**DATA EXTRACT**

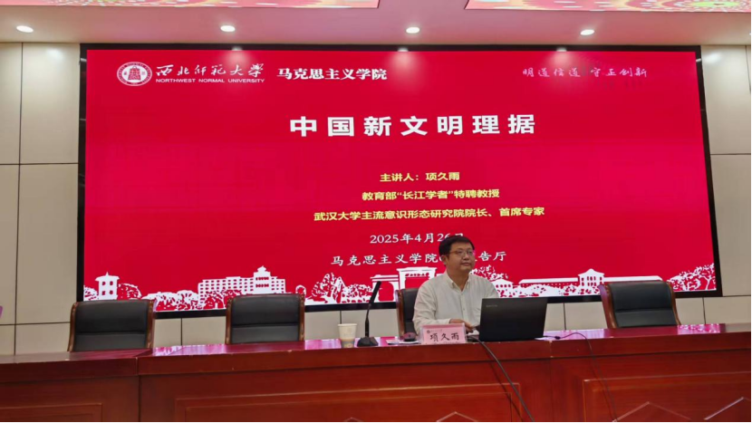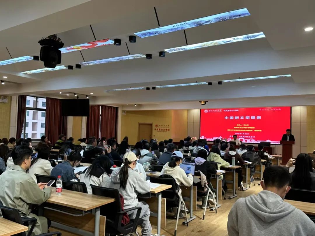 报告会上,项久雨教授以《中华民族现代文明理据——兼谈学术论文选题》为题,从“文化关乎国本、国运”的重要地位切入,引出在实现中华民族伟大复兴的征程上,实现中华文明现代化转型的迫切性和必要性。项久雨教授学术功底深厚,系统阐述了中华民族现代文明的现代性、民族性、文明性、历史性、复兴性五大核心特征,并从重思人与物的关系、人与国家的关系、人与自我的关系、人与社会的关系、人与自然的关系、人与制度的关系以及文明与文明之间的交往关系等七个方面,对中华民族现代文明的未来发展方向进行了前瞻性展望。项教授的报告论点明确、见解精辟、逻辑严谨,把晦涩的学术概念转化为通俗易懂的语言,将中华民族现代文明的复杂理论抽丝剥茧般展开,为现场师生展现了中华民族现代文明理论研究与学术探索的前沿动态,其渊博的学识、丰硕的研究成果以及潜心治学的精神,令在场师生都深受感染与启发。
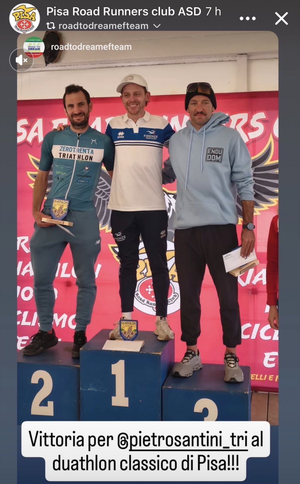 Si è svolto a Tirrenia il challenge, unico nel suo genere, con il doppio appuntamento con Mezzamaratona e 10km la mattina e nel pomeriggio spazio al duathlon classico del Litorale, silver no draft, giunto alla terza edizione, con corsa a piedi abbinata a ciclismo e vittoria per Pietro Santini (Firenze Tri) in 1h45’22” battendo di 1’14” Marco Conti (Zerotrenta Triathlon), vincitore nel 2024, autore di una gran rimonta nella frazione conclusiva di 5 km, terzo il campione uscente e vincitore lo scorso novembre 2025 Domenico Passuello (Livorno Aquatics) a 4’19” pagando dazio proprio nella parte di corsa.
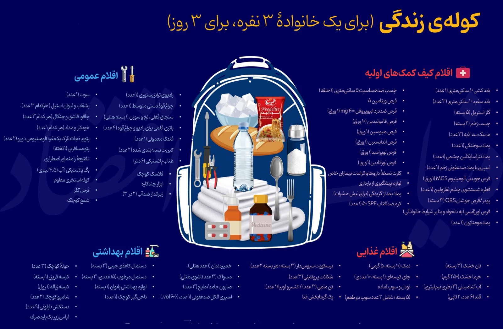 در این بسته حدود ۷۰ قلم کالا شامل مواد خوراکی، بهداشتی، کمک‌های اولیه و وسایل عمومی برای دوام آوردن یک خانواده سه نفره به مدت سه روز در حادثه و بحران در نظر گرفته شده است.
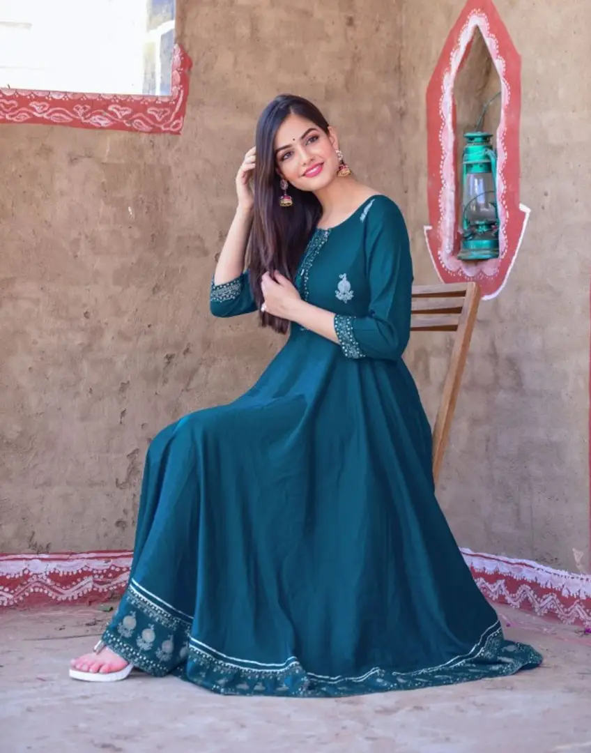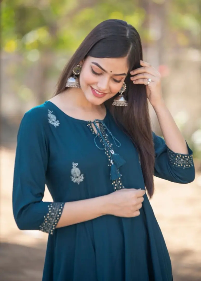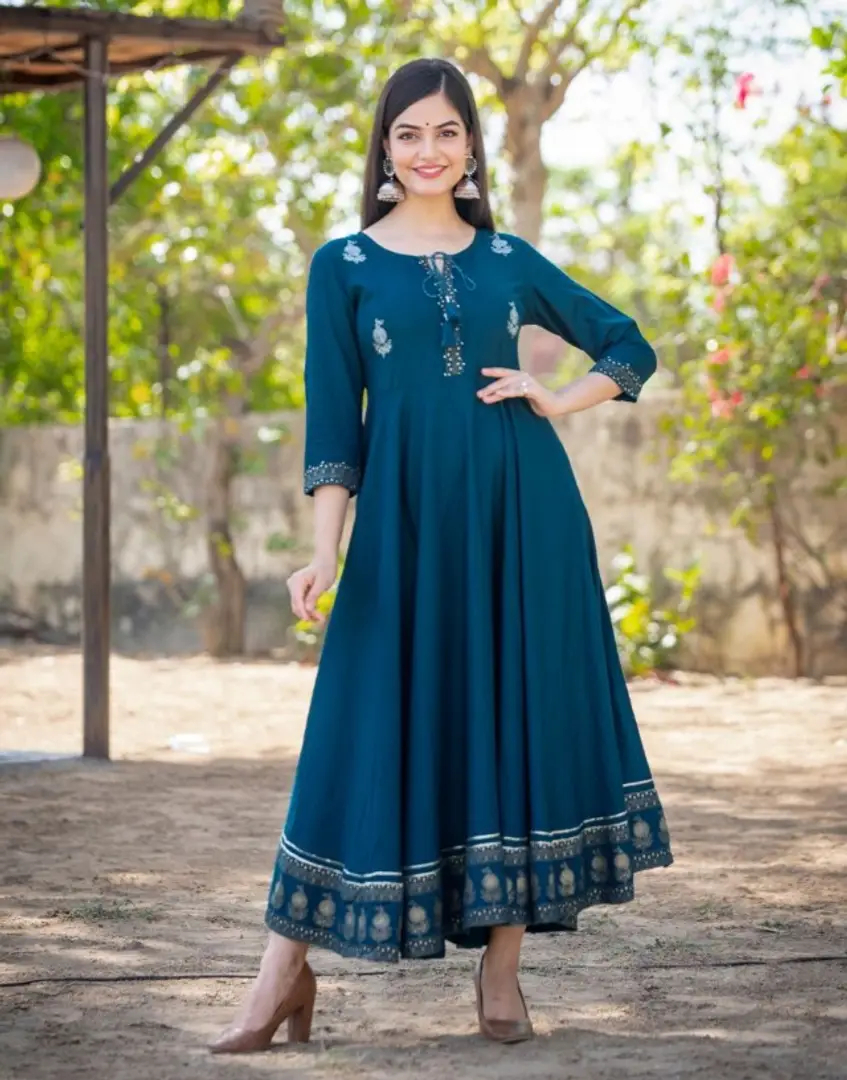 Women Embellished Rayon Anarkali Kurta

**INSTRUCTIONS FOR THE TASK**
From the line that holds "Si è svolto" down to the last line of the material above, every line is to be copied exactly, both ends included; pictures are to be omitted.

**EXERCISE RESULT**
 Si è svolto a Tirrenia il challenge, unico nel suo genere, con il doppio appuntamento con Mezzamaratona e 10km la mattina e nel pomeriggio spazio al duathlon classico del Litorale, silver no draft, giunto alla terza edizione, con corsa a piedi abbinata a ciclismo e vittoria per Pietro Santini (Firenze Tri) in 1h45’22” battendo di 1’14” Marco Conti (Zerotrenta Triathlon), vincitore nel 2024, autore di una gran rimonta nella frazione conclusiva di 5 km, terzo il campione uscente e vincitore lo scorso novembre 2025 Domenico Passuello (Livorno Aquatics) a 4’19” pagando dazio proprio nella parte di corsa.
 در این بسته حدود ۷۰ قلم کالا شامل مواد خوراکی، بهداشتی، کمک‌های اولیه و وسایل عمومی برای دوام آوردن یک خانواده سه نفره به مدت سه روز در حادثه و بحران در نظر گرفته شده است.
 Women Embellished Rayon Anarkali Kurta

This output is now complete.